4o and o4 mini can’t even add 7 small numbers together. It made the same mistake 4x in a single chat.
"
- Swing States EVs (2024):
- Arizona (11) + Georgia (16) + Michigan (15) + Nevada (6) + North Carolina (16) + Pennsylvania (19) + Wisconsin (10)
= 113 EVs
"
Devs, y’all should focus on it getting simple math right instead of contest problems that follow a specific format.
Also o3 tends to think for 15 minutes and then fails to produce output. Too unhinged and unreliable. You should take notes from Manus AI, where the user can interrupt in the middle of a task to steer the output. Since o3 either needs followups to clarify like in Deep Research or a way to steer the thoughts cause rn it attempts to solve problems in one-shot and gives unsatisfactory answers and I either need to rerun or followup with no guarantee it’ll work. I don’t want to babysit these models, there needs to be better ways to nudge it in the right direction rather than having me overspecify (~400 words) the problem statement. Should be more agentic.

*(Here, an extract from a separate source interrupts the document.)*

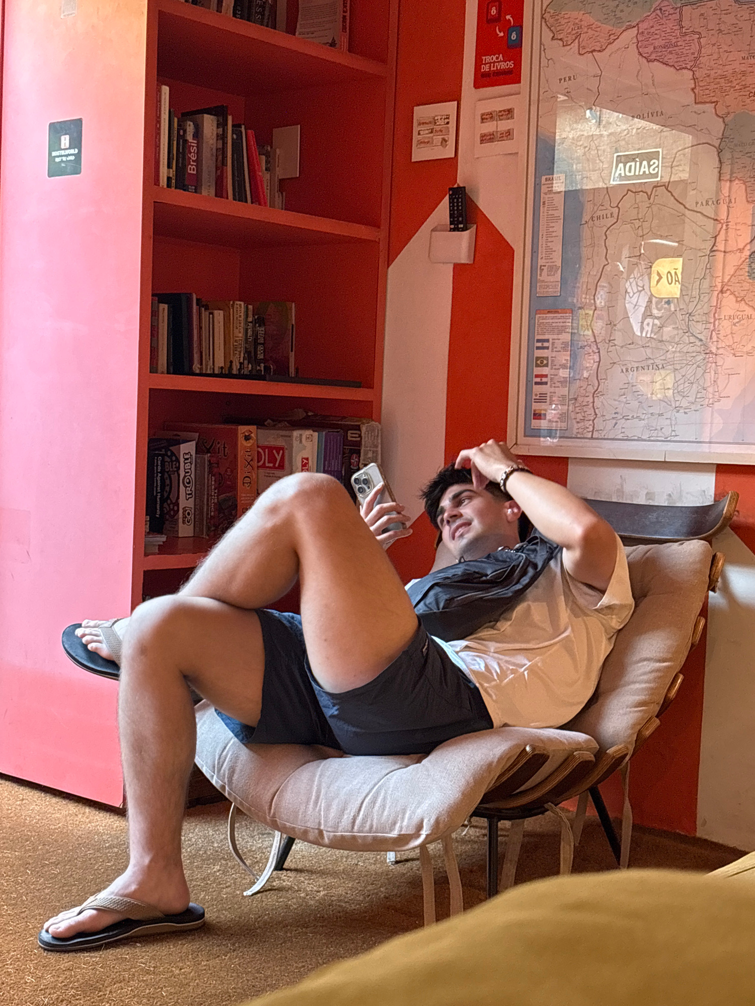 The image captures an indoor scene, likely a common area or lounge within a hostel, identified by a "TROCA DE LIVROS" (Book Exchange) sign and a prominent map. A young man, appearing relaxed, is the c…read more
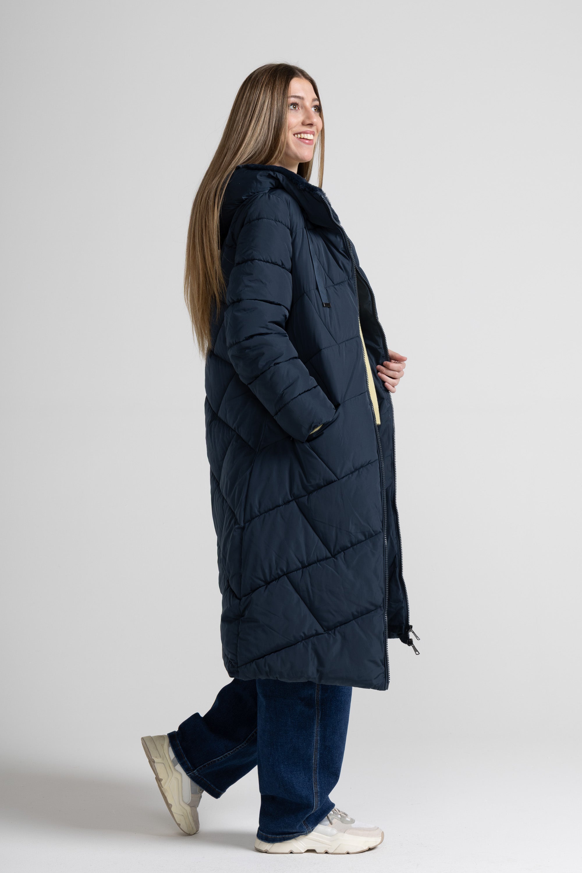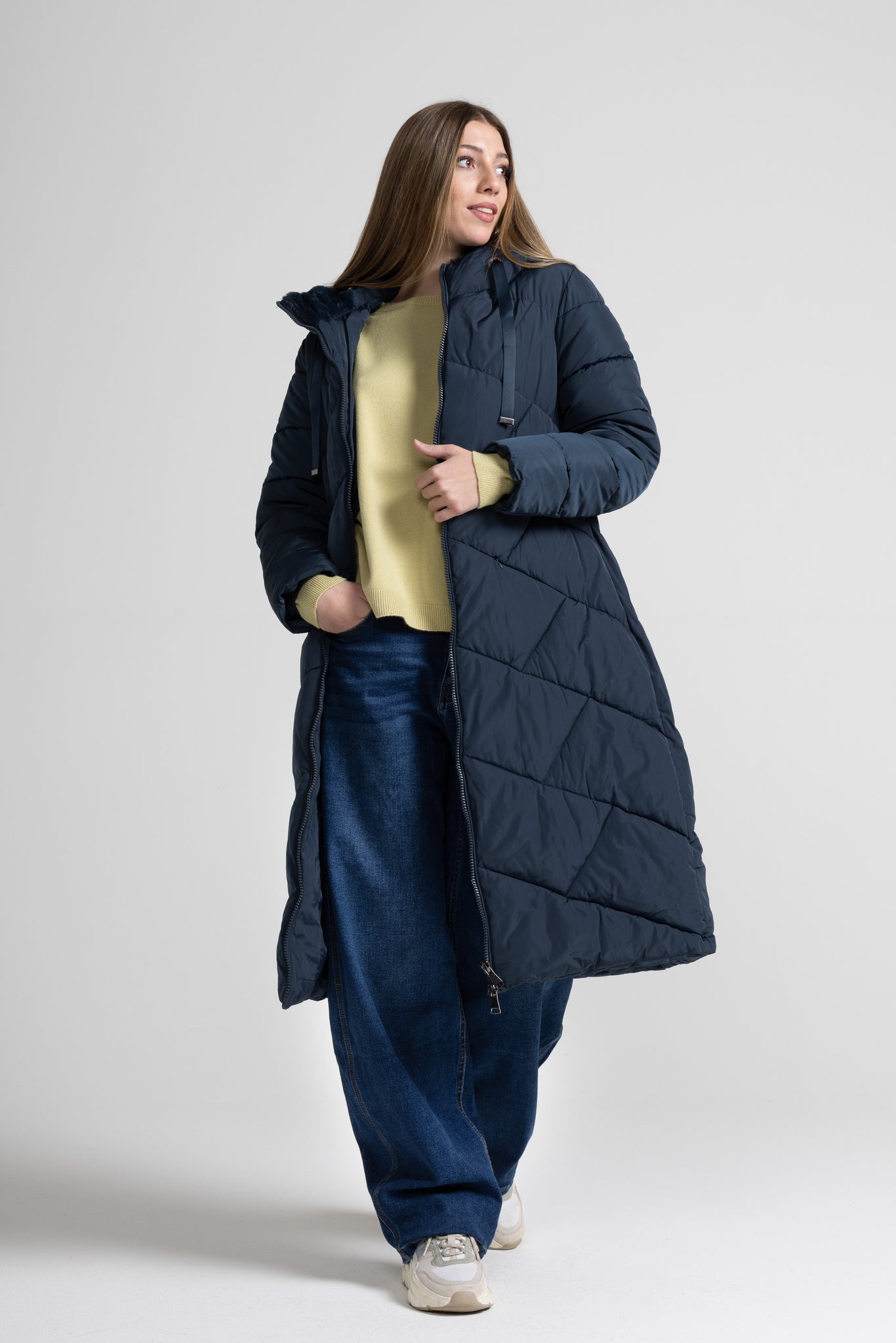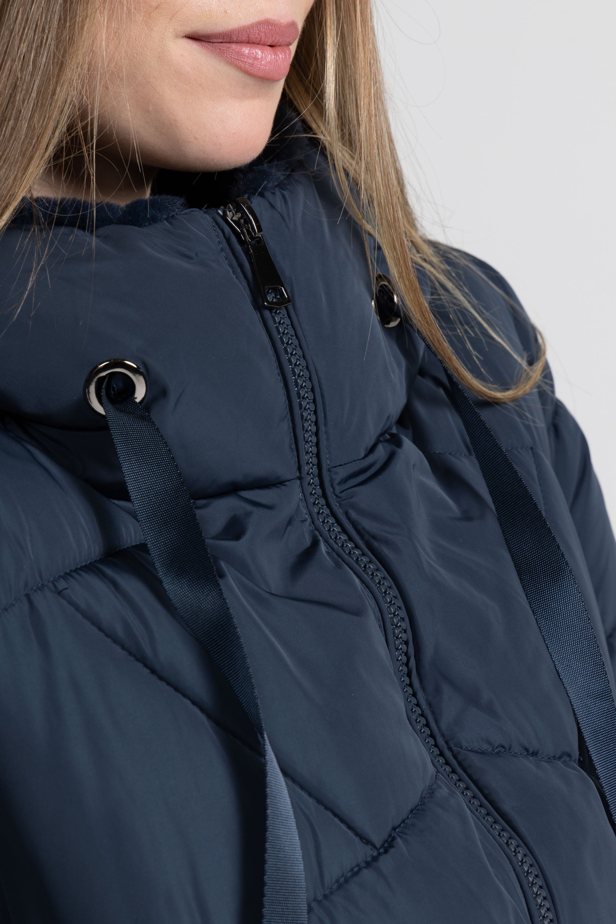 Piumino lungo, cappuccio con eco-pelliccia ampio e avvolgente regolabile con nastri in tono con puntali metallici, zip centrale lunga con doppio cursore, tasche laterali con zip invisibile, dettaglio trapunta su tutto il capo. Linea ampia

Also the app needs to be more consistent, we should be able to edit the text when we attach an image and vice versa (add an image when editing the text) also on android tablets it doesn’t allow me to close the sidebar and when I’m drafting a large message and accidentally click on the sidebar the whole draft is gone.
Also on the free plan the image upload limits are dumb, it shouldn’t count unless you actually press send. Claude and Grok and Gemini are much better on that.
Sorry multiple critiques in one thread but I had to get them all off.